Lose the Guilt – Mark it Up!

Estimated reading time: 5 minutes

Executive Summary

Contractors deserve to be profitable. It’s necessary for business survival. A perceived exorbitant markup should not be fretted over. Mark it up!

The “disclaimer”.

Profit is markup is fee here. Be advised this article assumes that profit and markup and fee are one in the same. There is definitely a difference: here’s an explanation of profit versus markup: [QR]

Low bid wins.

At time of bid, under many procurement mechanisms, low bid wins. And part of the process in developing a bid is the fee, or markup. To be low bidder you may have had to drop fee to as small a number as possible. This “I got as low as possible on bid day” then becomes a catalyst for maximizing markup during the project.

Look at the Whole

Most contractors will make a global decision that, say, “I want to make 6.5% profit on this job overall.” In a unit-priced bid, it is likely that the profit spread out over the fifty bid items will not be consistent. For example, if you markup the job overall at 6.5%, it is likely that every bid item on your project will not carry this 6.5% markup. Some bid items are done at or below cost while others may be at double the job fee, or 100% over, or even 200% over the job fee.” These adjustments in unit prices are a function of cash flow (early items in the job are marked up higher in an attempt to get cash positive) or quantity discrepancy (items expected to go over their bid quantity are marked up while items expected to fall short of their bid quantity are bid closer to cost or even under cost).

Life isn’t fair.

The hard truth about assigning fee is that most owners probably want a contractor to make a fee, but these owners really want the contractor to make the most minimal fee which will allow for survival. Well, surviving isn’t thriving. And 99 out of 100 businesses would probably answer that “I’m in business to thrive, not just survive, so I’d welcome a healthier fee which allows stable cash flow and healthy cash accumulation for growing my company.”

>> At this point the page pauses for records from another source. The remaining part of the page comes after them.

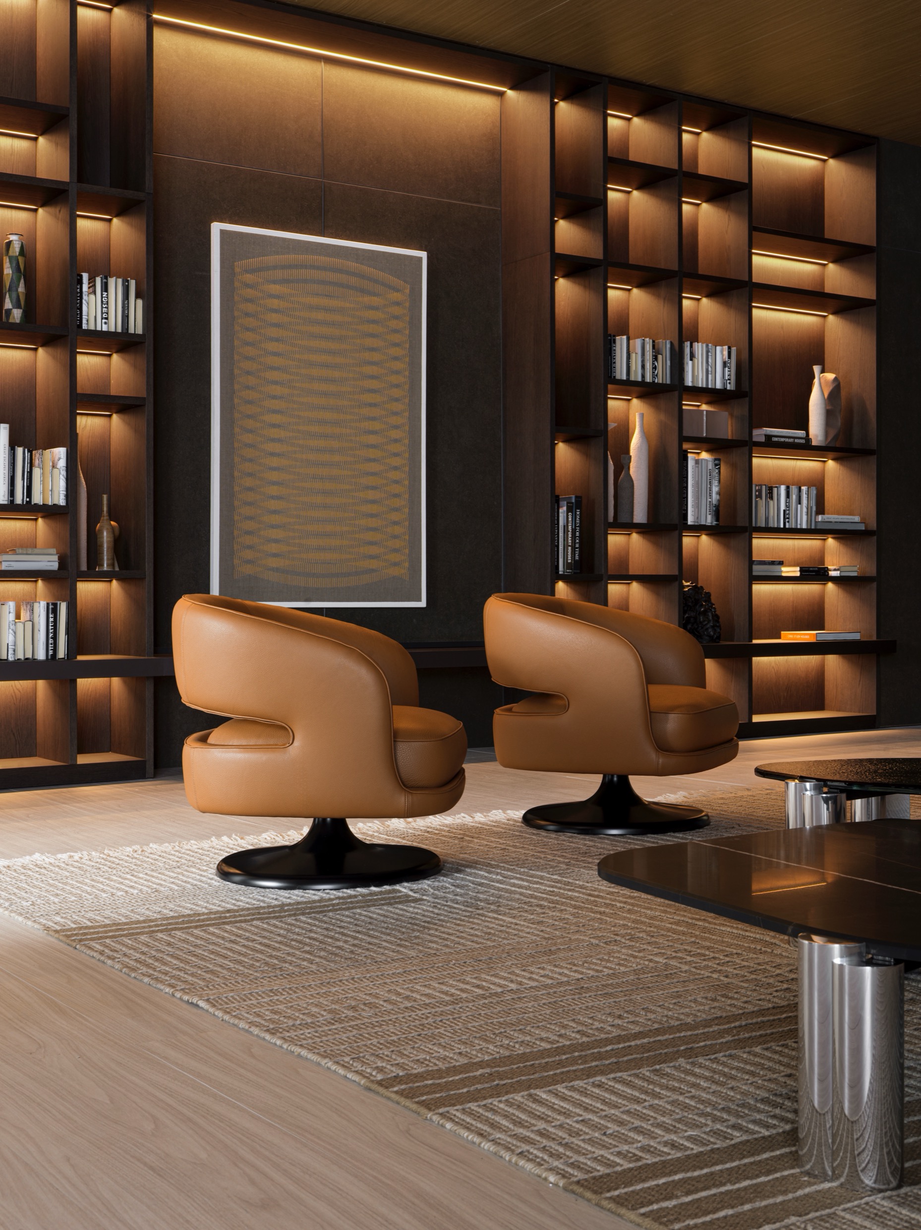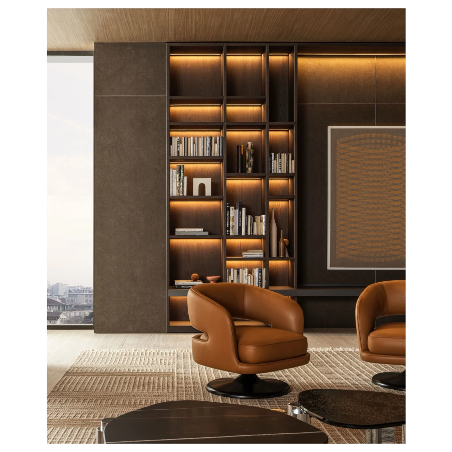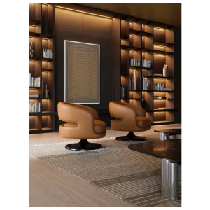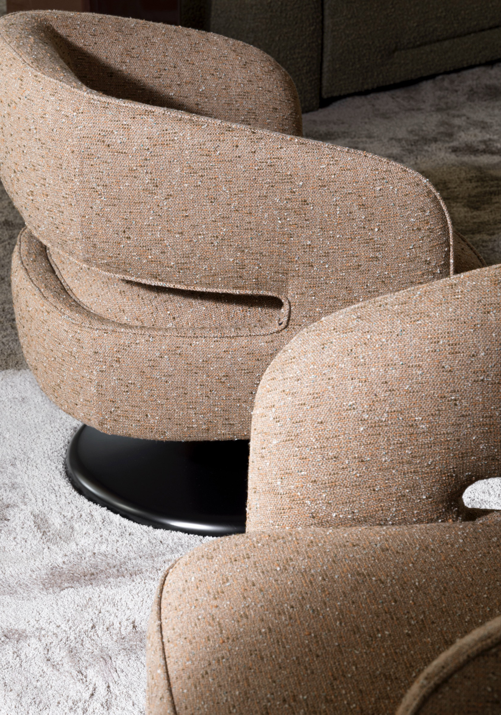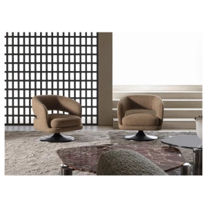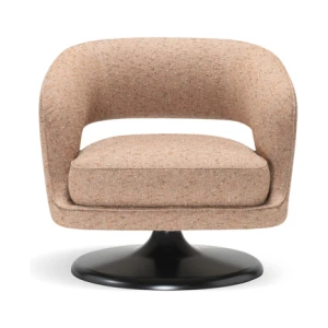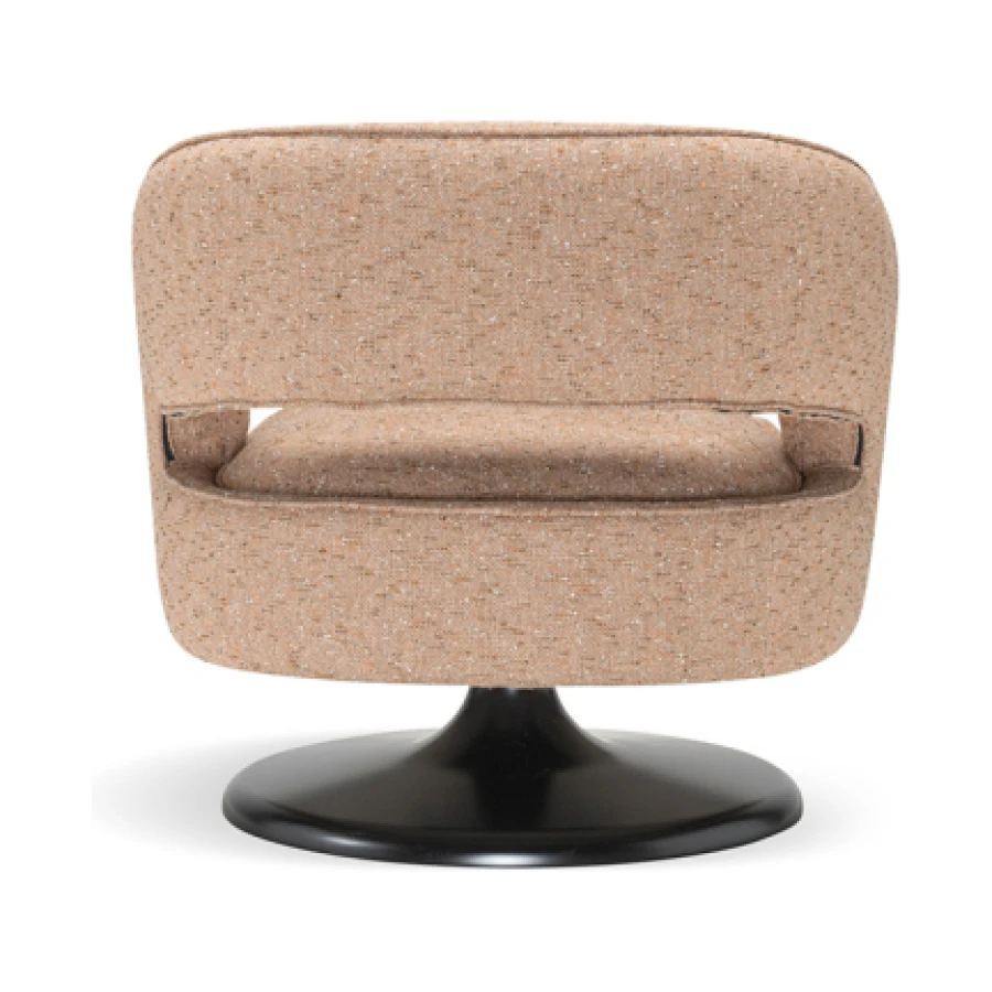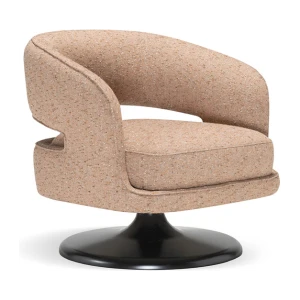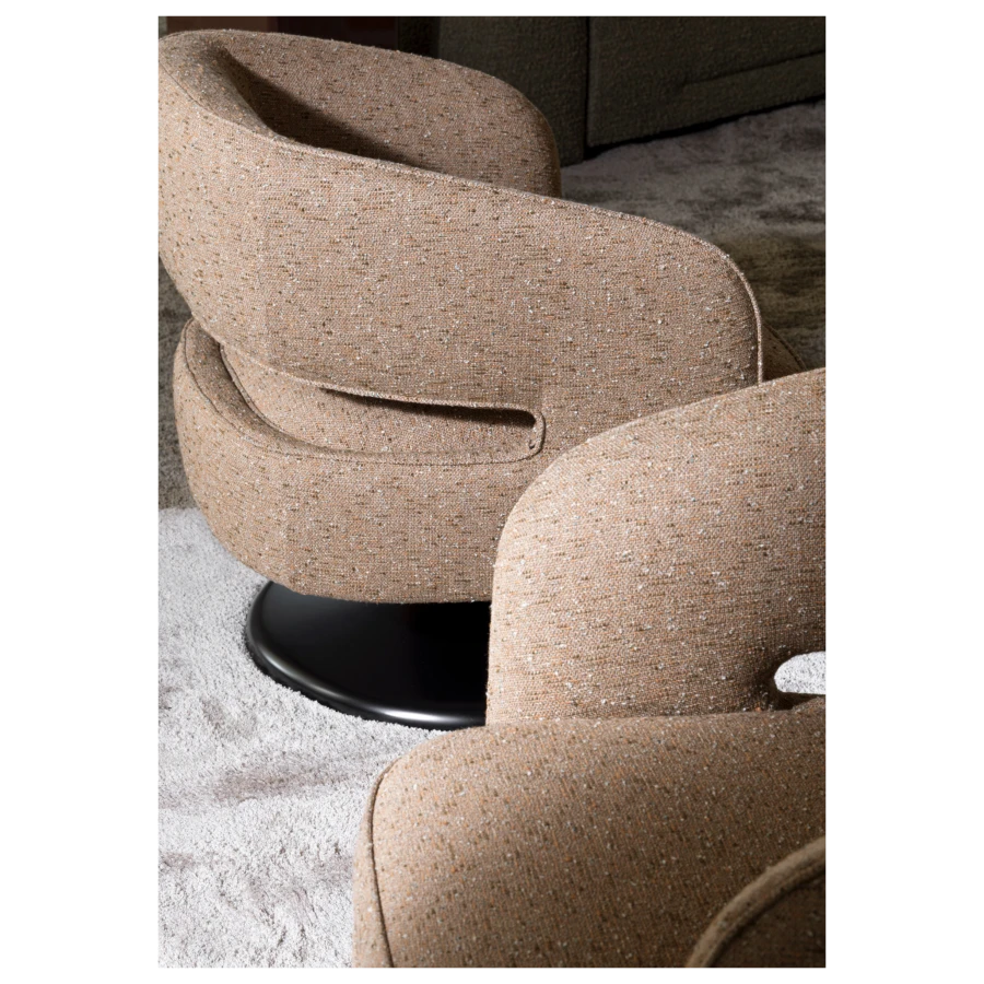 At its foundation, the Linea armchair features an iconic trumpet-shaped swivel base—an elegant nod to mid-century design, reinterpreted with contemporary fluidity. The sculptural form is further enhanced by a distinctive void in the backrest, a subtle yet impactful detail that lightens its visual presence while maintaining an enveloping sense of comfort.
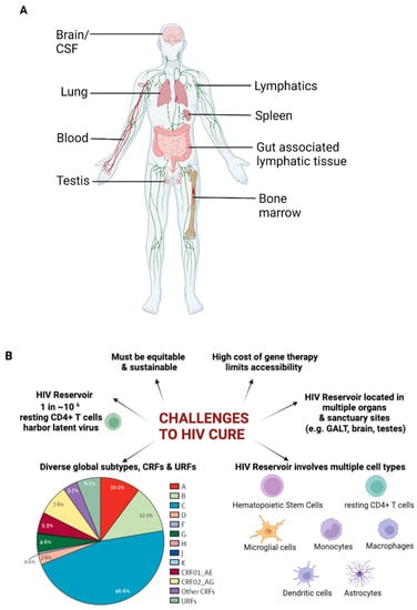 Challenges associated with HIV infection. (A) Illustration showing the distribution of organs and tissues known to harbour latent HIV (B) Challenges in attaining HIV cure. Created with BioRender.com.
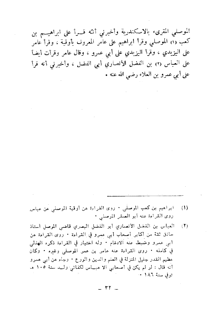الموصلي المقرئ بالإسكندرية وأخبرني أنه قرأ على إبراهيم بن كعب الموصلي وقرأ إبراهيم على عامر المعروف بأوقية، وقرأ عامر على اليزيدي، وقرأ اليزيدي على أبي عمرو، وقال عامر وقرأت أيضا على العباس بن الفضل الأنصاري أبي الفضل، وأخبرني أنه قرأ على أبي عمرو بن العلاء رضي الله عنه.
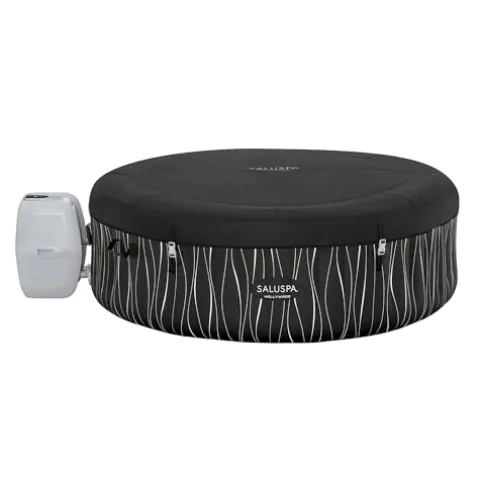 Enjoy the ultimate relaxation experience with the Bestway SaluSpa Hollywood EnergySense Luxe AirJet Round Inflatable Hot Tub. This spa features 140 bubbling warm jets that provide a soothing massage for up to 6 adults, with the ability to heat water up to 104 degrees Fahrenheit. The Energysense cover is 40% more efficient in retaining heat, making it perfect for colder climates. Constructed with DuraPlus 3-layer material that is highly puncture-resistant, this hot tub also includes a Freeze Shield automatic heating function for added convenience. Equipped with a pump that handles inflation, heating, filtration, and massage system control, the package includes 2 covers, a pump, a filter cartridge, a ChemConnect dispenser, an LED light strip, pillows, and a repair patch. With a water capacity of 240 gallons and energy efficiency compliant with various state regulations, this hot tub is the epitome of luxury and functionality.
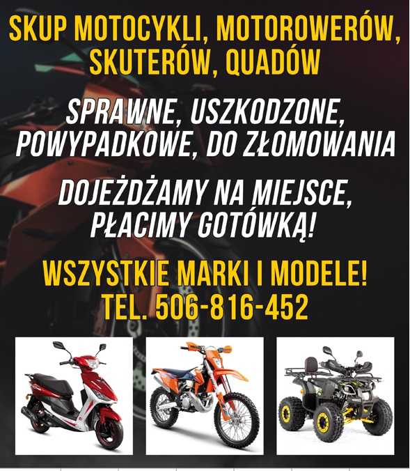 SKUP MOTOCYKLI, MOTOROWERÓW, SKUTERÓW, QUADÓW, ATV, SKUTERÓW WODNYCH, ŚNIEŻNYCH, BUGGY, KARTINGÓW! Skupujemy pojazdy wszystkich marek i modele- także Chińskie! W pełni sprawne, uszkodzone, do poprawek lub powypadkowe! Dojeżdżamy na miejsce, płacimy gotówką od ręki! Gwarantujemy szybki odbiór, minimum formalności. Odbieramy motocykle własnym transportem. Dziś dzwonisz- dziś sprzedajesz! Zachęcamy do kontaktu 24h/7! Pisz, dzwoń- dogadamy się! Działamy na terenie całej Polski! TEL: 506 816 452 Do wyszukiwarki: skup kupię kupno odkup sprzedać sprzedaj odsprzedać komis motocykl motocykle motocykli motocyklowy motocyklowe skuter buggy bugy karting kartingi kartingów skutery skuterów quad quady quadów atv utv ssv skuter wodny wodne wodnych śnieżny śnieżnych śnieżne powypadkowe powypadkowy uszkodzony wypadek motocyklowy wypadki powypadku motorowery motorowery motorowerów motor motory motorów stare starych zabytkowy zabytkowe zabytki zabytków złom złomowanie złomujemy złom motocyklowy złom motorów motory motory cross crossy crossów enduro choper chopper choperów chopery choppery chopperów ścigacz ścigaczy ścigacze turystyczne turystyków turystyki turystycznych po wypadku powypadkowych turystyczny naked nakedów nakedy małopolska małopolskie śląskie śląsk opolskie podkarpackie podkarpacie gotówka gotówkę sprzedać sprzedaj sprzedaż dolnośląskie łódzkie świętokrzyskie wielkopolskie pomorskie kujawsko-pomorskie zachodnio-pomorskie pomorze pomorzu podlaskie podlasie warmińsko-mazurskie mazowieckie mazowsze cała całej polski polska polsce polski całe
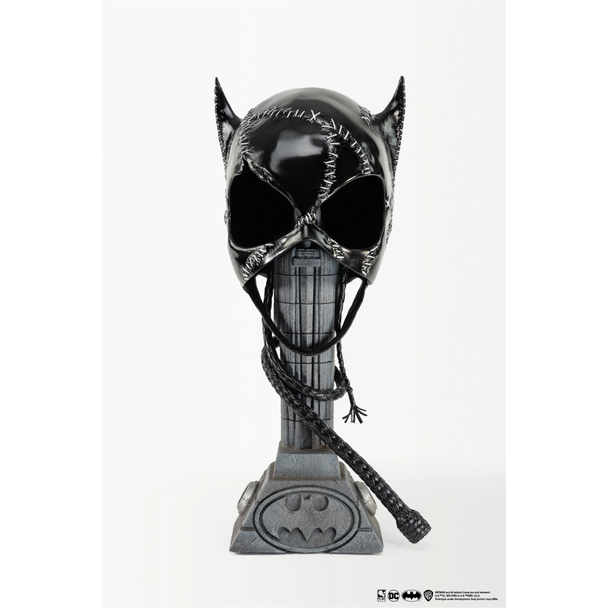 "I don't know about you, Miss Kitty, but I feel so much yummier." Catwoman PureArts is proud to introduce a new level of movie replica accuracy with our Batman Returns Catwoman 1:1 Scale Mask Replica. Featuring our exclusive poly-based casting material developed specifically for our Batman products, this mask looks and feels like real high gloss latex, but will never deteriorate. The white threading effect is sculpted exactly like the screen-used hero mask and includes a removeable whip and the Mayoral House statue base. Product features: Based on screen-used hero mask Mixed media for accurate prop textures and feel Looks and feels like real glossy latex Polyresin Gotham City mayoral house base Removeable whip replica Product details: Licensed by Warner Bros. Material: Mixed Media (Poly based resin materials) Scale: 1:1 Standard Edition Size: 999 Product Information: Qty: 1 mask replica (non-wearable) Height: 19 in (48 cm) Width: 8.5 in (21.5 cm) Depth: 10 in (25.5 cm) Weight: 3.6 kg BATMAN and all related characters and elements DC and Warner Bros. Entertainment Inc. WB SHIELD: WBEI. (s22) PLEASE NOTE WE ORDER THE PRODUCT DIRECT FROM THE UK WAREHOUSE SO WE PLACE A LEAD TIME OF 14 DAYS TO RECIEVE THEN THE ITEM IS POSTED/SHIPPED TO THE BUYER
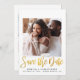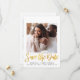 Mariage moderne minimal enregistrez la carte de faire-part date avec deux de vos photos (1 sur le devant, 1 sur le dos), "Save the Date" écrit dans un script style or faux feuille et votre date mariage, le lieu et les informations du site Web dans une simple typographie.
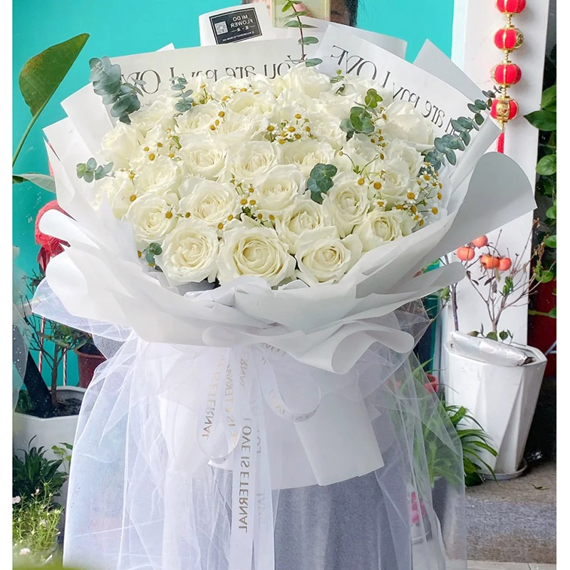 花 材:33朵白玫瑰,搭配洋甘菊,尤加利叶装饰。
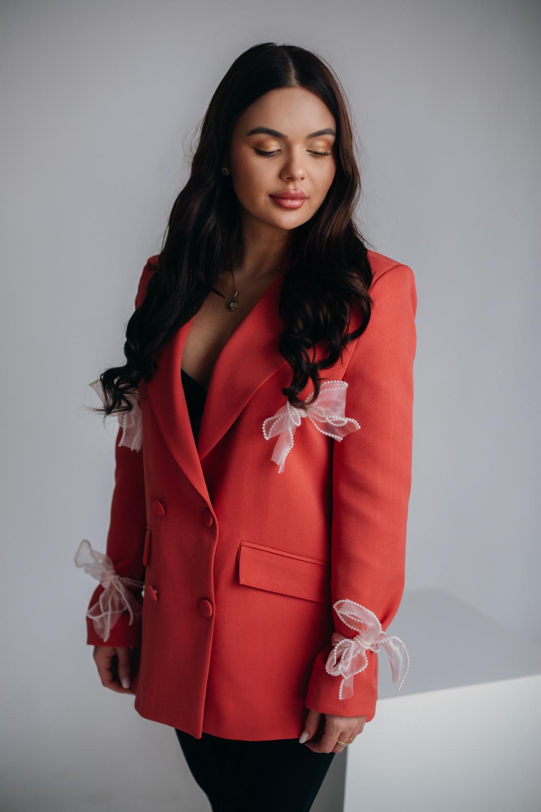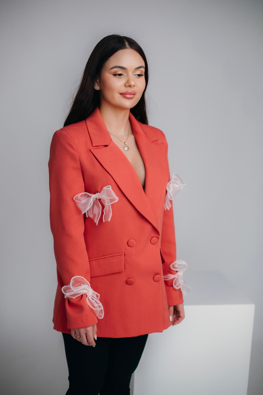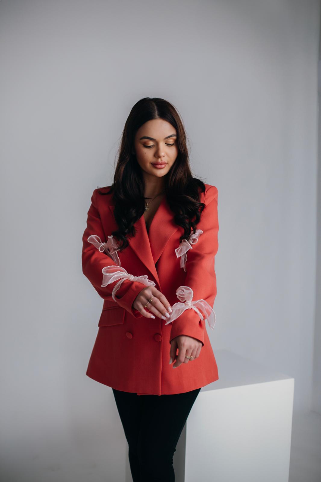 Sacou elegant, cu o croială modernă și feminină, ideal pentru ocazii speciale sau ținute office. Fabricat dintr-un material premium, se așază frumos pe corp și oferă un plus de rafinament oricărei apariții. Se închide cu nasturi discreti și poate fi ușor asortat cu fuste sau pantaloni eleganți.

So, bottom line me please.

The bottom line is that as a contractor there are two main reasons that you shouldn’t feel guilty when charging an excessive fee: (1) owners will usually do absolutely everything to minimize your fee when possible and (2) 1.4% to 2.4% is not thriving. Take every opportunity to increase fee and leave your guilt in the rear-view mirror.

According to the Construction Financial Management Association (www.cfma.org), the average pre-tax net profit for general contractors is between 1.4 and 2.4 percent and for subcontractors between 2.2 to 3.5 percent.

Above excerpt from: https://www.constructionbusinessowner.com/business-management/9-numbers-you-need-keep-your-company- profitable#:~:text=According%20to%20the%20Construction%20Financial, between%202.2%20to%203.5%20percent.
My Story

I recently was talking with a friend whose client was feeling guilty about marking up a line item on a bid “too much”. The thought was that a $20,000 markup on a subcontractor service was more money than was needed in order to assist the sub – the markup he needed to cover the cost of the subcontractor assistance was going to be about $1,000. He thought that the fair number was only this $1,000. This is especially nonsense because, again, bidding a job is about the global project markup – this anecdote has to do with the component of the global fee this specific bid item received. To lessen the fee here would reduce the overall project fee (unless your increased the fee on other bid items).

I also had a personal experience in my business (early on in my business…this behavior stopped after getting punched in the gut once or twice or a hundred times) in which I felt guilty for marking up some work too much. That sort of feeling goes away when you have to win jobs at 0% to 3% and then owners fix your markup structure on changed work during the job. Or you lose some entitlement battles and get paid zero for clearly (in your mind) extra work outside of the scope of the contract.

The bottom line (part two) – make money, and as much of it, when you can. There’ll be plenty of time you’ll have to “donate” your services. It’s the handsome profits on other projects that must backfill the philanthropic actions you took because you “felt guilty” or made a business decision to work pro bono!

Work Safe!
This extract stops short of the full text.